Творчество Аксакова подвергалось в современной ему критике различным извращениям. Одни критики нигилистически отрицали какое бы то ни было значение его произведений, другие – апологетически превозносили писателя, утверждая, что он открыл новую эпоху в русской литературе и превзошел самого Гоголя. Против подобных утверждений решительно возражал Чернышевский, считавший обе точки зрения ошибочными, а вторую к тому же еще продиктованною «духом партии». Заметим, кстати, что и сам Аксаков выступал против неумеренных восхвалений в печати своих произведений и попыток изобразить его главой некой новой литературной школы. Об одном таком выступлении «Московских ведомостей» с иронией сообщал в январе 1856 года Аксаков своему сыну Ивану. Автор статьи, напечатанной в этой газете, писал: «Если кому-нибудь из наших современников суждено своим талантом, воззрением на жизнь и художественным воспроизведением жизни основать литературную школу, создать новые идеалы и форму, то, конечно, С. Т. Аксакову». Процитировав эти строки, писатель добавляет: «Последние слова совершенный вздор».[56]

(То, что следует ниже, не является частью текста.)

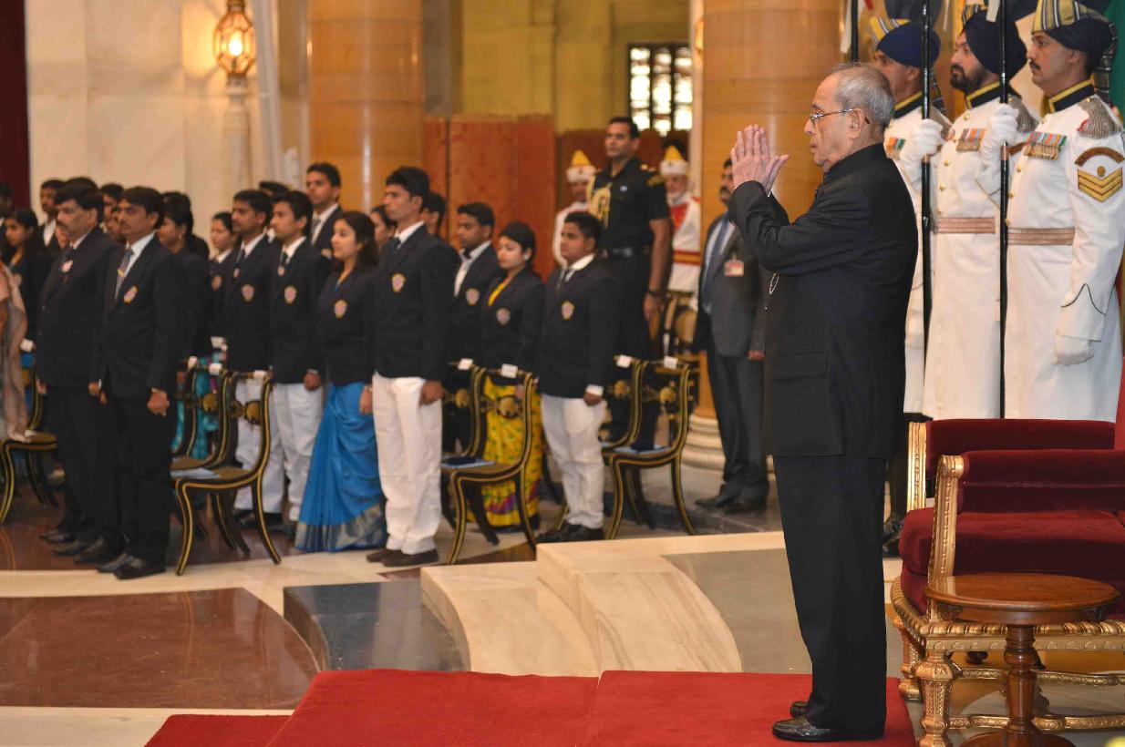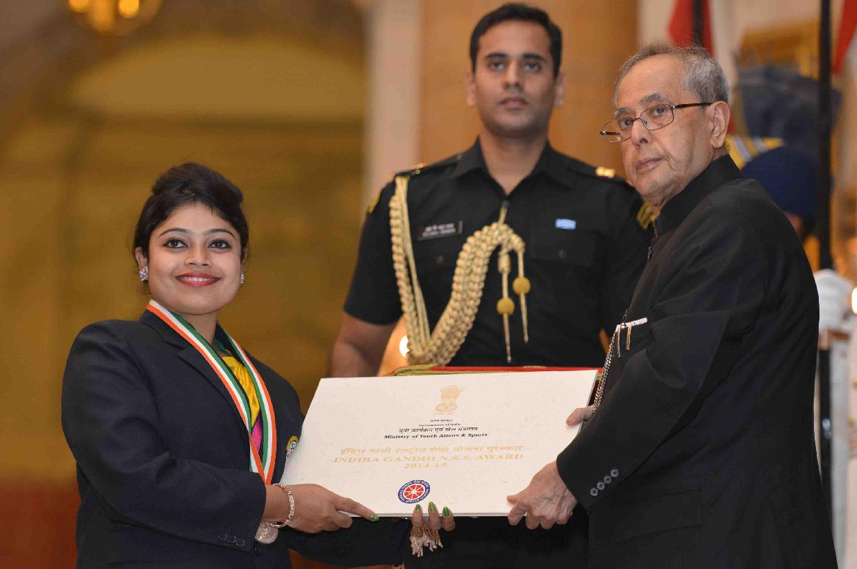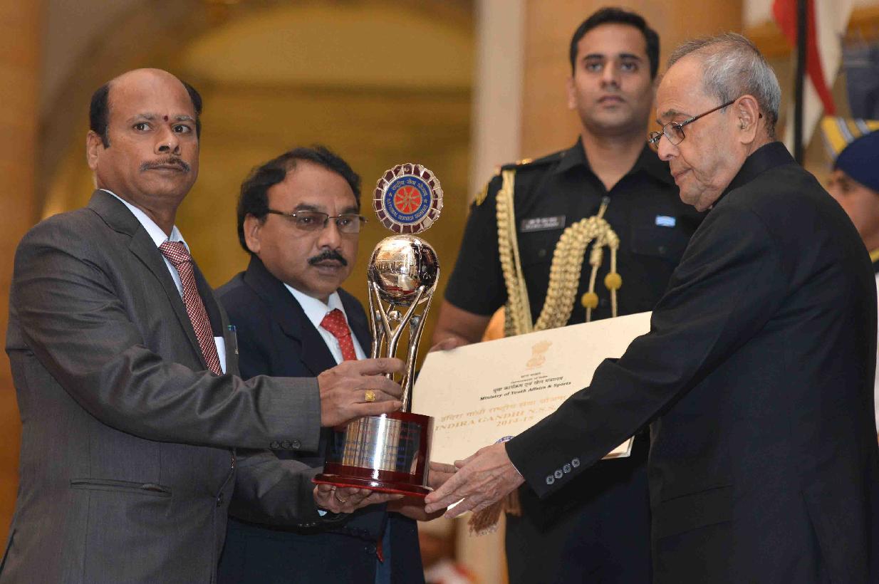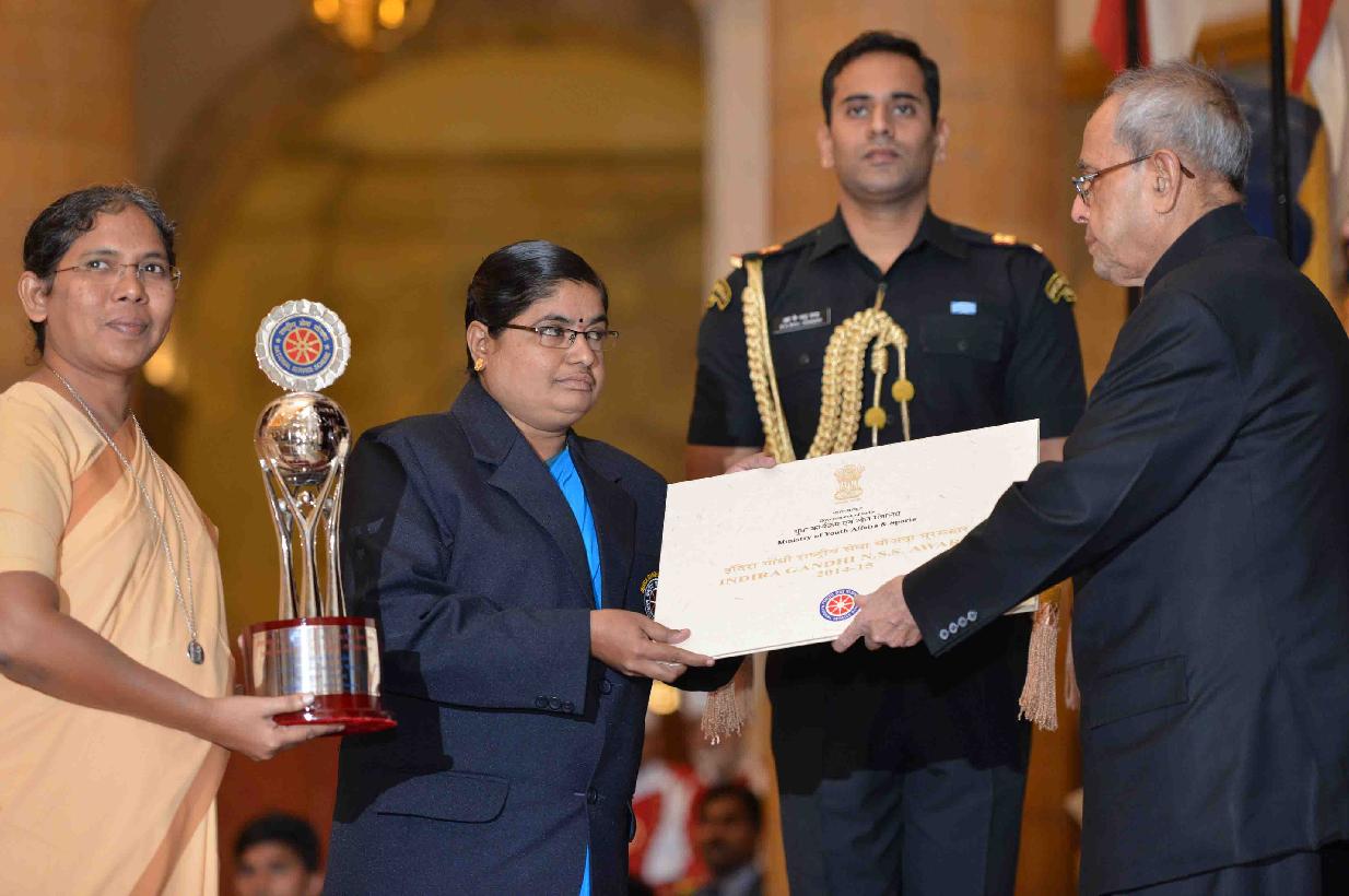 | Caption: | The President of India, Shri Pranab Mukherjee presenting the Indira Gandhi National Service Scheme Awards for 2014-2015, at Rashtrapati Bhavan on November 19, 2015. |

Революционно-демократическая критика отстаивала произведения Аксакова от попыток спекуляции со стороны славянофилов и их единомышленников. Чернышевский и Добролюбов прекрасно понимали смысл фальшивой апологетики творчества С. Т. Аксакова и истинные цели, которые при этом преследовали враги гоголевского направления. Не скрывая слабых сторон аксаковского таланта, оба критика вместе с тем высоко чтили лучшие произведения писателя и вполне объективно оценивали его место в истории русской литературы.

Развернутый и глубокий анализ творчества Аксакова дал Добролюбов в своих двух известных статьях: «Деревенская жизнь помещика в старые годы» и «Разные сочинения С. Аксакова». Особенно замечательна первая из них. В «Семейной хронике» и «Детских годах» критик видел достоверную летопись эпохи, имеющую историческое значение. Но, будучи «несомненным памятником времен минувших», эти произведения, по убеждению Добролюбова, дают превосходный материал и для уяснений многих явлений современной жизни. Весь пафос добролюбовского анализа в том и состоял, чтобы показать читателю злободневность аксаковских наблюдений. Много воды утекло с тех пор, как совершились события, изображенные Аксаковым, но мало что с тех пор изменилось. Добролюбов дал политически очень острое, революционно-демократическое истолкование аксаковского творчества, превратив свою статью в страстный памфлет против крепостнического строя.

Вместе с тем Добролюбов не игнорирует и слабых сторон художественного метода Аксакова, проистекающих прежде всего из того, что он – писатель, отличающийся «более субъективной наблюдательностью, нежели испытующим вниманием к внешнему миру». Эта односторонность Аксакова во многом ослабляла обличительную направленность его произведений, ибо мешала ему понять, что произвол, господствующий в отношениях помещиков и крестьян, существовал не в результате только личной вины барина, а «независимо от того, вспыльчив был барин или нет», что произвол «был общим, неизбежным следствием тогдашнего положения землевладельцев».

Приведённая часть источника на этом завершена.